Actually, it's not. Personally I see some advantages to starting small and trying to keep the cost of any beginners mistakes as low as possible.

If I had £300 to spare and had never invested before, here is the approach I would take to get started this month.

Read, read, read

First I will try to understand more about how the stock market actually works. It's not just that investing in a successful company will automatically help me make money.

I need to understand the company's future prospects – and how well (or not) its current valuation reflects those prospects.

Readiness to invest

Even if I have £300, I would like to manage my risk by spreading my selection across more than one share.

But before I can spend a single penny on the stock market I will have to find a way to use my £300 to buy shares.

So I would set up a shares trading account or a Stocks and Shares ISA. There's a lot available and maybe in the future I'll look for some cash to put in, but initially I'd consider my first fixed budget of £300. I can pay attention to things like low fees and commissions, when looking for an account that best suits my financial circumstances.

Good habits from day one

I wouldn't have started investing with the dream of turning my £300 into a million pounds. I wouldn't even expect to turn it into £1,000, fun though that might be (and, in practice, might be).
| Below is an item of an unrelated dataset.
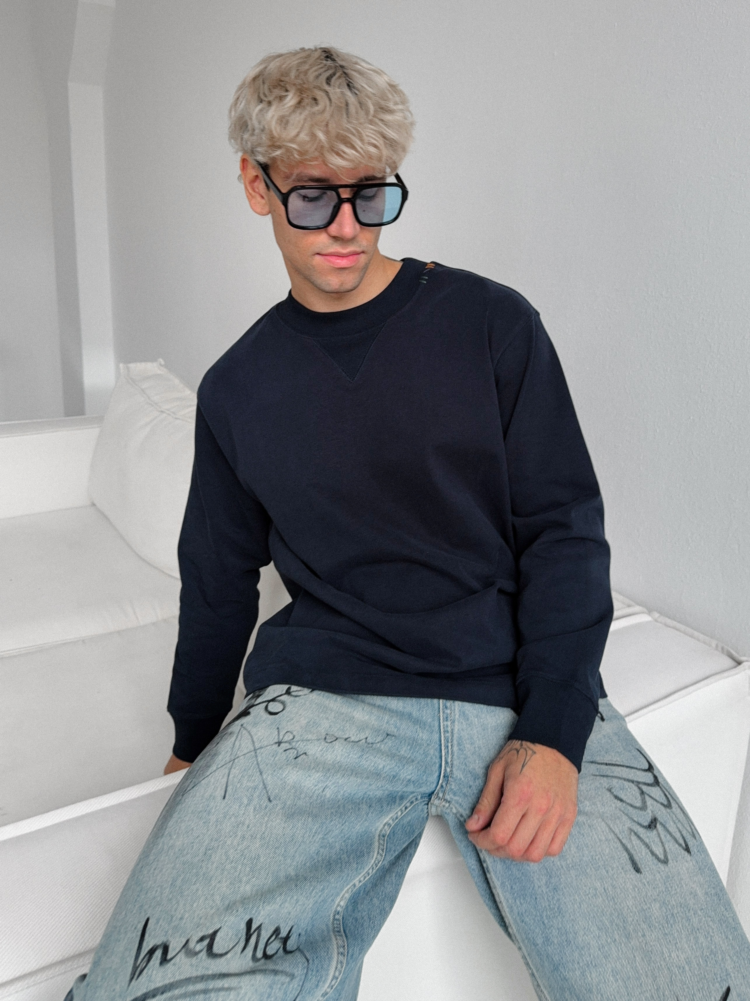 Мужской лонгслив темно-синего цвета. Идеальный вариант для повседневных образов.

Instead, I'll start by following billionaire investor Warren Buffett, who says the first rule of investing is never to lose money and the second rule is don't forget the first!

In other words, my focus would not be on trying to make as much money as possible at the beginning, but rather on managing my risk closely while learning. In fact, I wouldn't just use that risk reduction method when I first started investing – like Buffett, I'll carry it through all my decades of investing.

An easy start

An example of the type of share that I think new investors should consider buying City of London Investment Trust (LSE: CTY).

As an investment trust, it invests in many different companies, helping my diversification. These are mostly British companies, which means that the City of London faces risks if the UK economy does not perform well.

In the past five years, the share has only increased by 5% – not what most people dream of when they start investing.

Still, for a risk-averse beginner, I like its approach to conservative portfolio management. It also doesn't hurt that the trust has increased its dividend every year since the 1960s.

paid a dividend of 4.8% compared to the previous trading day FTSE 100 ratio, which helps to compensate in recent years for the relative performance of the share price.